According to the Vallarta Daily, in Mexico, 34% of the food that is produced is lost or wasted, that is, approximately 20.4 million tons each year, which results in great environmental, economic and social impacts, according to the study “Food Losses and Waste in Mexico”, prepared by the World Bank.
Taking into account this situation and following up on the actions carried out by the Single Working Group (GTU), the Second Meeting of the interdisciplinary group was held, where the World Bank presented the report that it prepares on the strategic guidelines to address the problem.
According to the preliminary version, actions to address the loss and waste of food should focus on three key areas that are the prevention of waste, the recovery of foods that can be used and the revaluation of organic waste along the entire production chain.

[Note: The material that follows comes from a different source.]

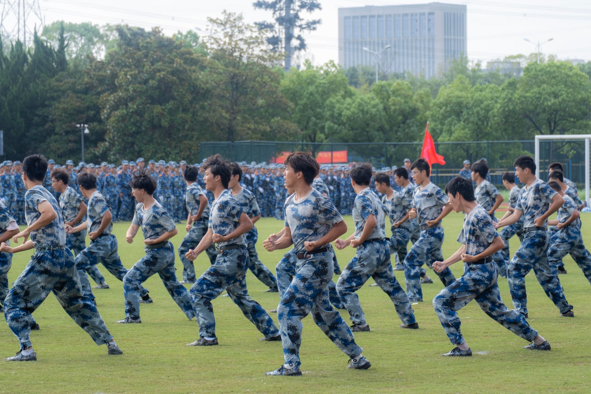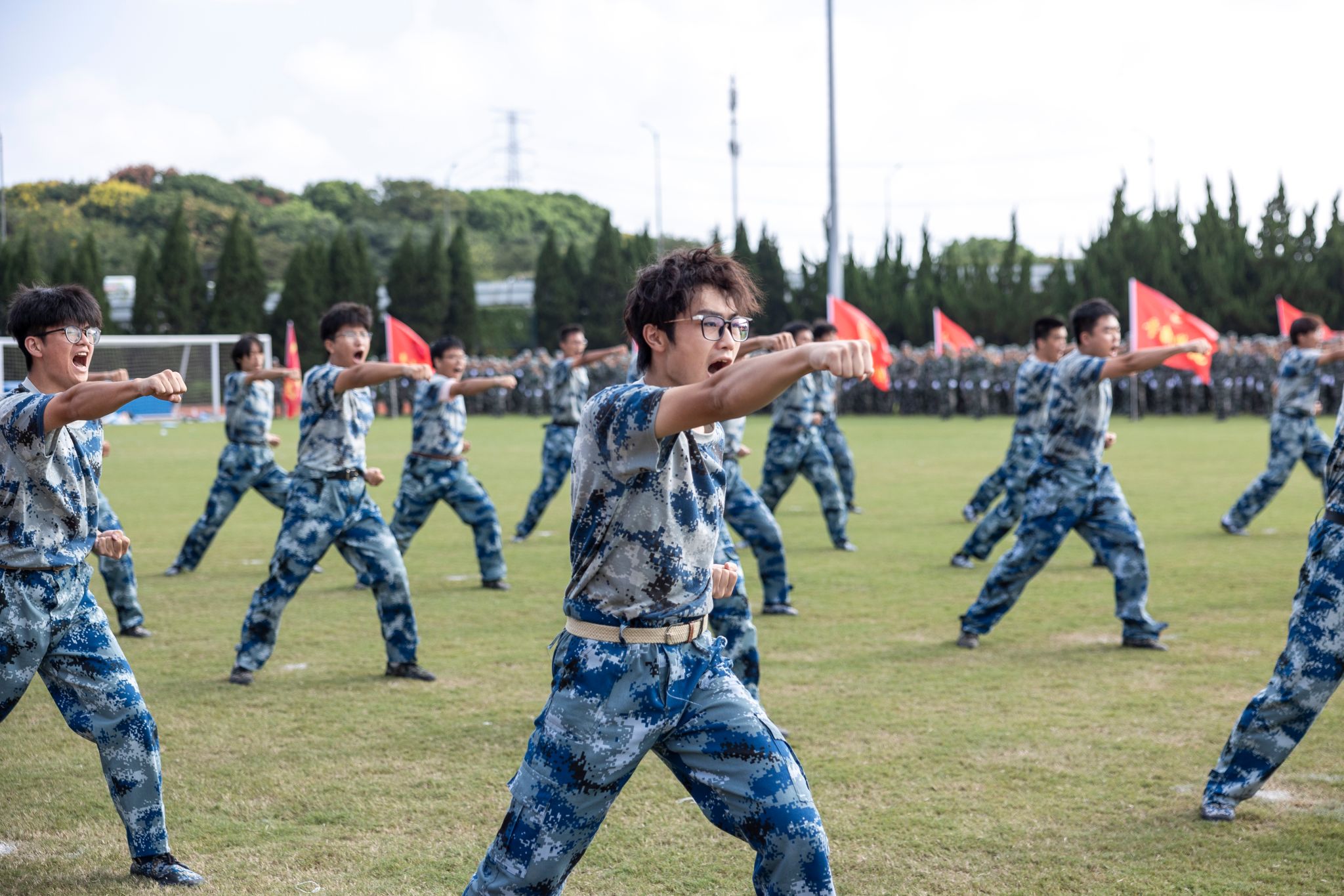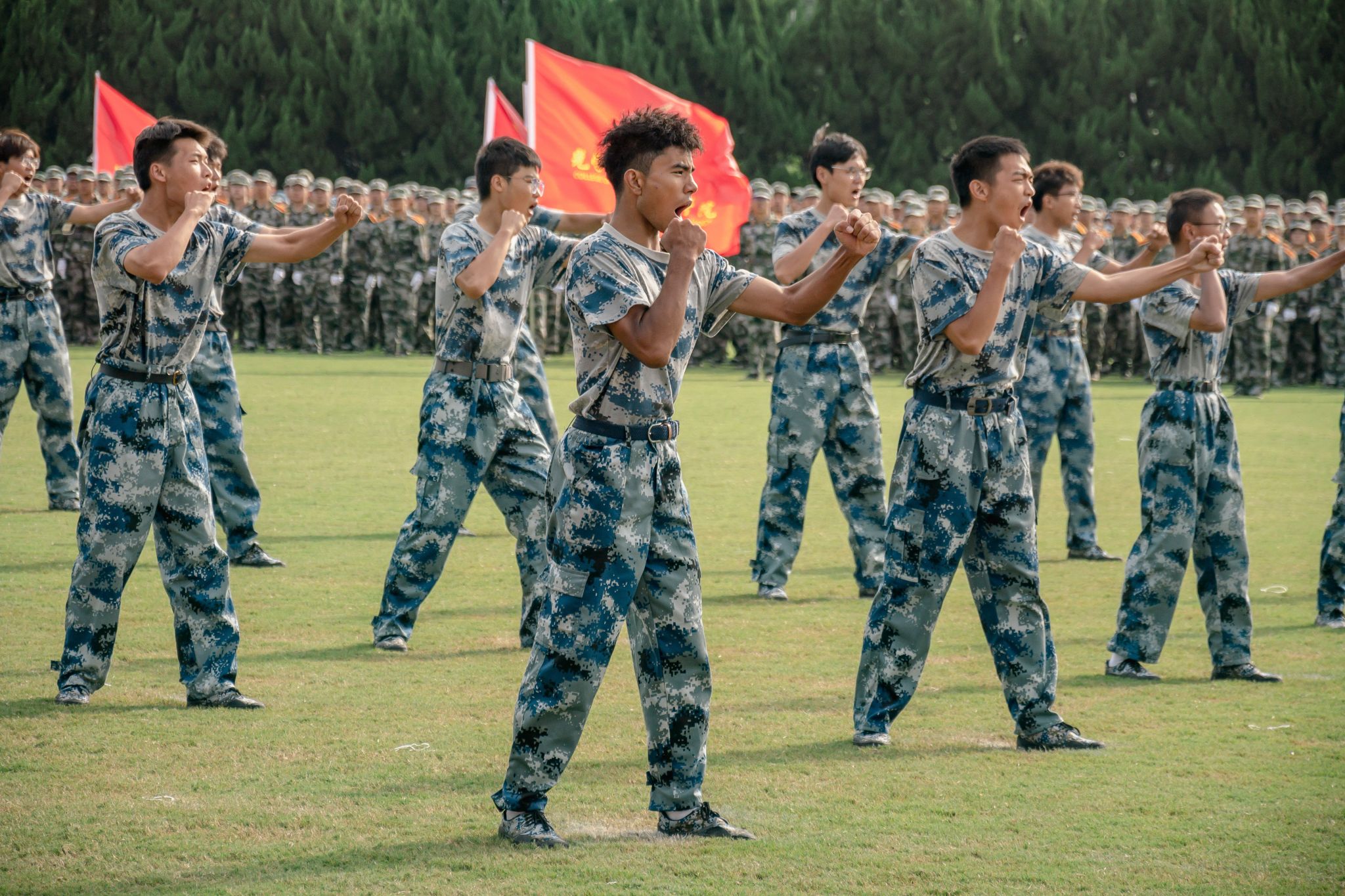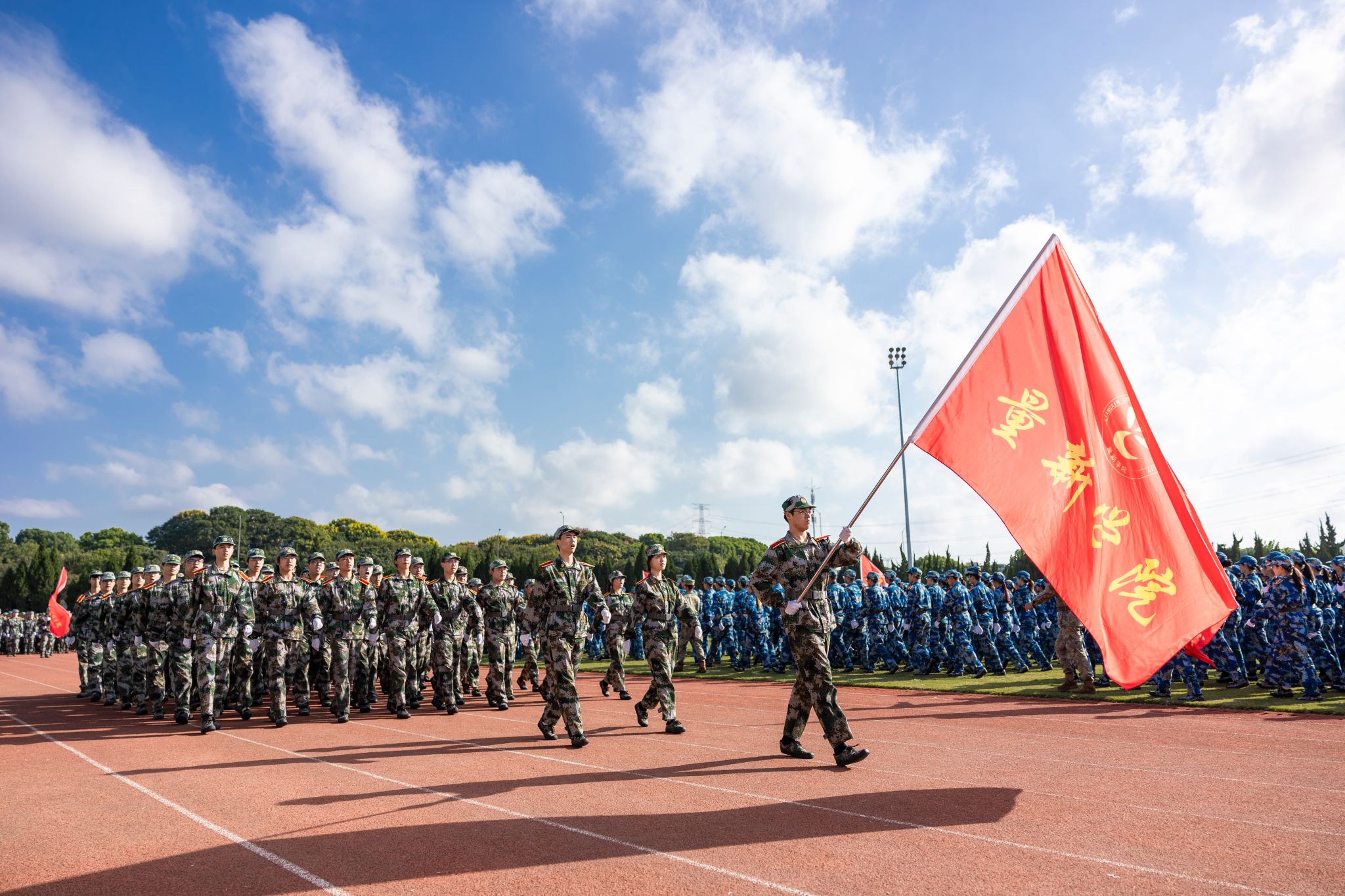 戎裝在身,熱血在懷。分列式上,國旗護衛隊持槍方陣邁著鏗鏘的步伐依序向主席臺走來,他們英姿挺拔、步履劃一。各營方陣緊隨其后,闊步走來、氣宇軒昂,陽光下汗水淌過的臉頰,早已褪去青澀懵懂,充滿堅毅自信。

This requires the active participation of the three orders of governments, the private sector, and society in general, the Ministry of Environment and Natural Resources (Semarnat) said in a statement.
As SEMARNAT is responsible for the promotion of sustainability, including what refers to food production systems, this unit has coordinated the tasks at an intersectoral level and has managed to consolidate the work and commitment of each sector that affects the processes of the food production and consumption chain.
He explained that the guidelines will be reviewed and endorsed by the members of the GTU, which is made up of representatives of the Presidency of the Republic and various agencies of the federal government, including Semarnat and the Secretariats of Tourism and Agriculture, Livestock, Rural Development, Fishing, and Food.
As well as by the National Commission of Aquaculture and Fisheries, the National Service of Health, Food Safety and Agri-Food Quality, the Agency of Services for the Marketing and Development of Agricultural Markets, Diconsa and the Agri-Food and Fisheries Information Service.
FAO, civil society organizations such as the Association of Food Banks of Mexico and The Hunger Project; the National Institute of Statistics and Geography, the National Polytechnic and Technological Institutes of Durango; the Autonomous University of Chapingo; the National Council for the Evaluation of Social Development Policy and representatives of the private sector.
The second meeting was led by the Undersecretary of Environmental Promotion and Regulation, Jorge Carlos Hurtado Valdez, who stressed the importance of having the knowledge of experts to address this serious problem that has social, environmental and economic consequences.
This effort is in addition to the work carried out by the country to combat nutritional deficiencies, boost the sustainability of food systems and to meet the 2030 Agenda for Sustainable Development, especially its Sustainable Development Goal 12 on guaranteeing sustainable consumption and production patterns.
As well as goal 12.3, which establishes that by 2030, the per capita food waste in the retail and consumer sectors should be halved and food losses reduced in the production and supply chains, including post-harvest losses.